Should I edit my resume for the applications? I have a strong resume used for when applying for jobs - but it is limited to fit on one page. Should I be listing all of my past jobs? What exactly should be included?


Re: Resume
« Reply #1 on: November 27, 2012, 09:55:21 PM »
Keep it to one page that is the length you will be using when applying for attorney jobs out of law school unless you have some crazy experience. I doubt the admissions committee will spend more than 10 seconds looking at your resume unless you have something crazy on there i.e. NFL football player, Navy Seal, Journalist for the Wall Street Journal, or something along those lines. If it is 2 years at company X etc, etc then it really won't hurt or help your application and the majority of the committees decision will be based on numbers as it almost always is.

Re: Resume
« Reply #2 on: November 29, 2012, 09:48:02 PM »
Unless you have a lot of work experience or some serious academic publications, one page is probably fine.

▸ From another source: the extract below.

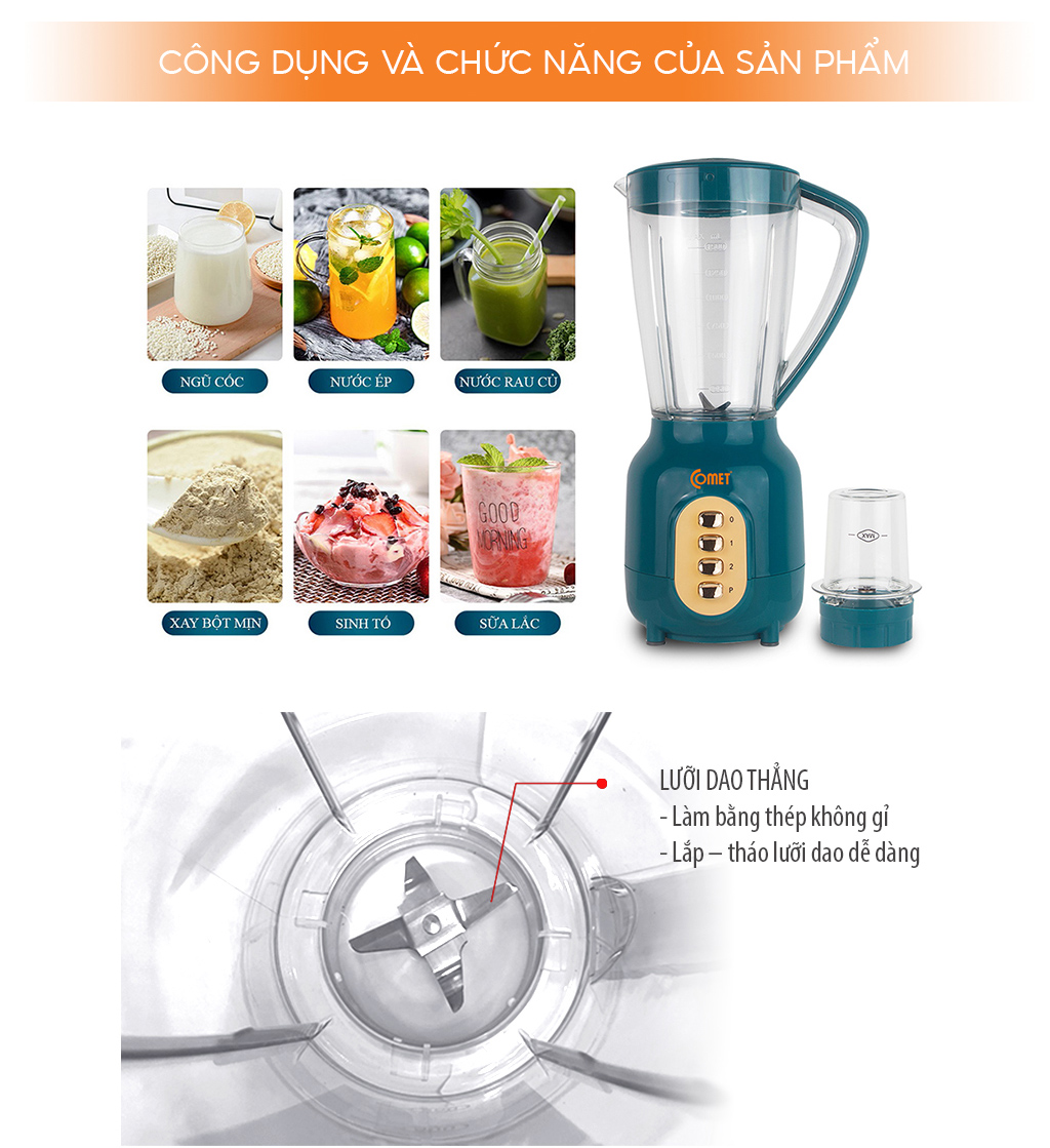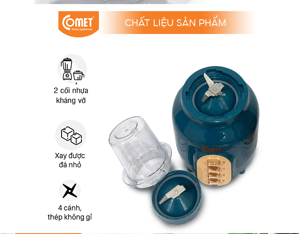 Thông Tin Chi Tiết Thương hiệu Comet Dung tích 1.5L Chất liệu cối xay Nhựa ABS Công suất 350W Mô Tả Sản Phẩm Đa chức năng và chịu được lực xay lớn Sản phẩm được

What should be included is everything that helps the admissions committee get a (positive) idea about you.

Re: Resume
« Reply #3 on: December 12, 2012, 02:43:02 PM »
I patterned my resume after the faculty members' curriculum vitae because I figured, "When in academia, do as the academics do."

Re: Resume
« Reply #4 on: December 12, 2012, 09:22:40 PM »
That is not a bad of way doing it and as we all know there is never a right way to do a resume. X guy might want bullet points, Y girl may want paragraph format, Z guy might be upset if you use 11 font to save space, W girl might think it is clever to use 11 point font to save space it is all very subjective.

With that said law school admissions is pretty much all numbers and as long as the name on your resume is spelled right and not in crayon it probably won't make much of a difference.

Re: Resume
« Reply #5 on: December 13, 2012, 04:11:26 PM »
I do not know if most people want to submit a C.V. for law school applications. It makes sense for some people with significant undergraduate research or other graduate school work. You are applying to an academic institution, but not academia itself. In the end most people will probably be best served by a business resume since that's what you'd be sending out as a lawyer.